The raw data consumes about 50% - 30% of the messages' size. The size of course depends on how many additional data you add to it and how much data the report includes. Dropping it, will improve the speed as less data needs to be transferred and processed at each step.

In a bot

You can do this for example by using the Field Reducer Expert. The configuration could be:

  • type: blacklist
  • keys: raw

Other solutions are the Modify bot and the Sieve bot. The last one is a good choice if you already use it and you only need to add the command:

remove raw

In the database

In case you store data in the database and you want to keep its size small, you can (periodically) delete the raw data there.

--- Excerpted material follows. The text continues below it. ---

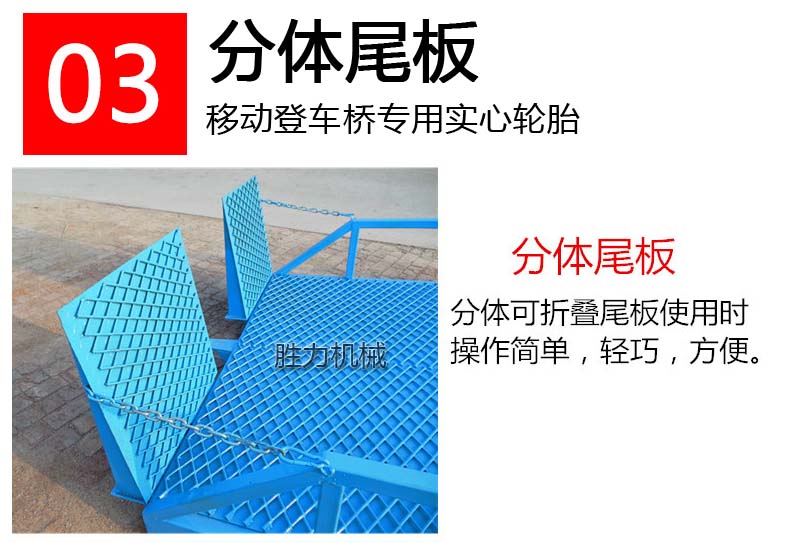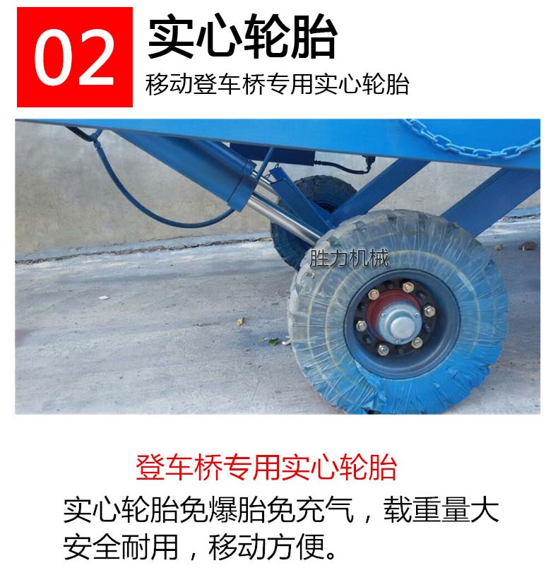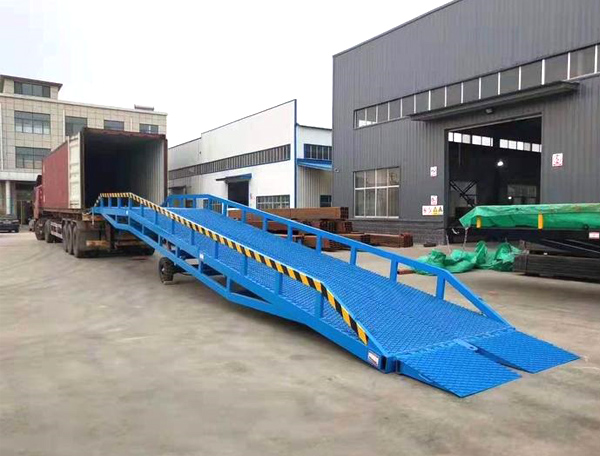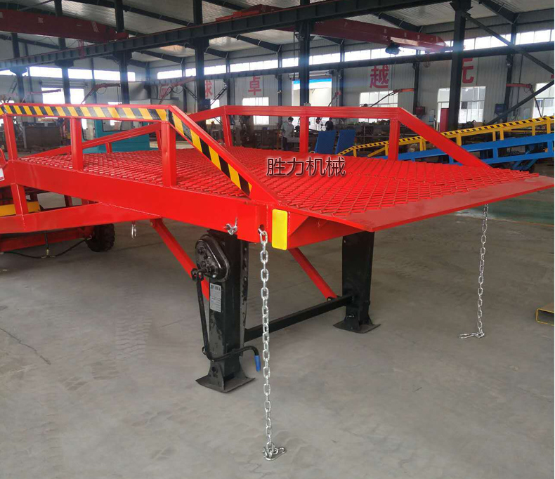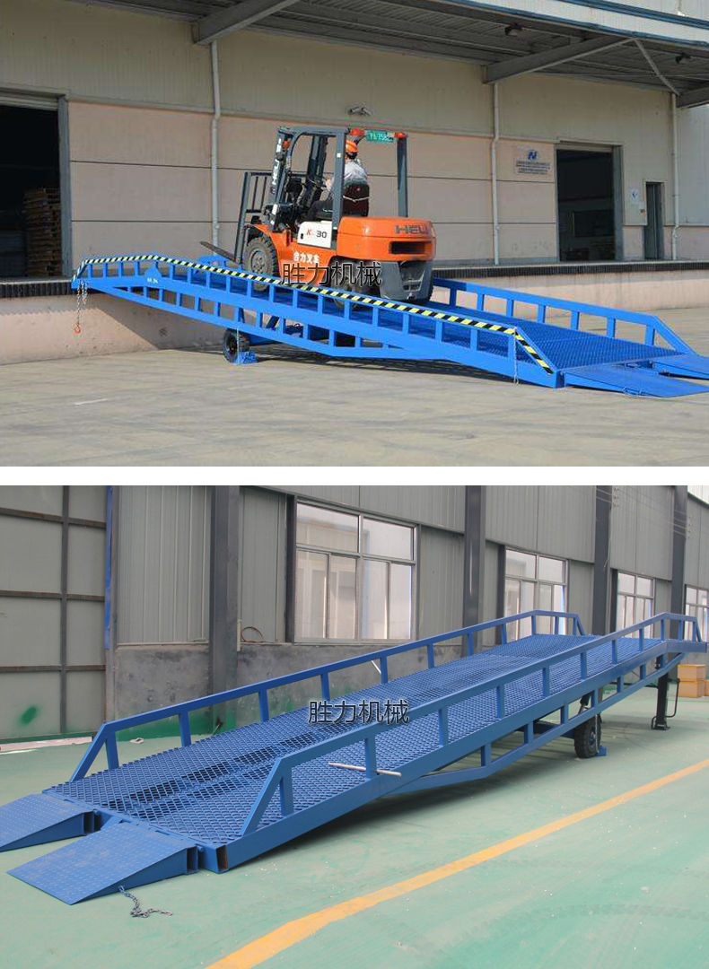 移動登車橋也被稱作叉車裝卸專用平臺,是裝卸貨物的專用液壓設(shè)備,設(shè)備帶有移動輪,可隨時移動到裝卸地點(diǎn)。移動登車橋根據(jù)額定載重量可分為6噸、8噸、10噸、12噸、15噸,設(shè)備總長11米,帶有坡度,叉車等搬運(yùn)車輛可通過移動登車橋的坡度和高度直接駛?cè)胴涇噧?nèi)部進(jìn)行裝卸貨物作業(yè),在提高裝卸作業(yè)效率的同時又能充分保障作業(yè)安全。移動登車橋無需外接電源,可通過手壓泵做動力進(jìn)行能設(shè)備高度的調(diào)整,可以充分適應(yīng)各種不同高度的貨車。移動登車橋加快裝卸貨物的速度,減少勞動力,為企業(yè)獲取更大的經(jīng)濟(jì)效益。

To remove the raw data for a events table of a PostgreSQL database, you can use something like:

UPDATE events SET raw = NULL WHERE "time.source" < '2018-07-01';

If the database is big, make sure only update small parts of the database by using an appropriate WHERE clause. If you do not see any negative performance impact, you can increase the size of the chunks, otherwise the events in the output bot may queue up. The id column can also be used instead of the source's time.

Another way of reducing the raw-data from the database is described in the EventDB documentation: eventdb_raws_table.

How to Uninstall

If you installed intelmq with native packages: Use the package management tool to remove the package intelmq. These tools do not remove configuration by default.

If you installed manually via pip (note that this also deletes all configuration and possibly data):

pip3 uninstall intelmq
rm -r /opt/intelmq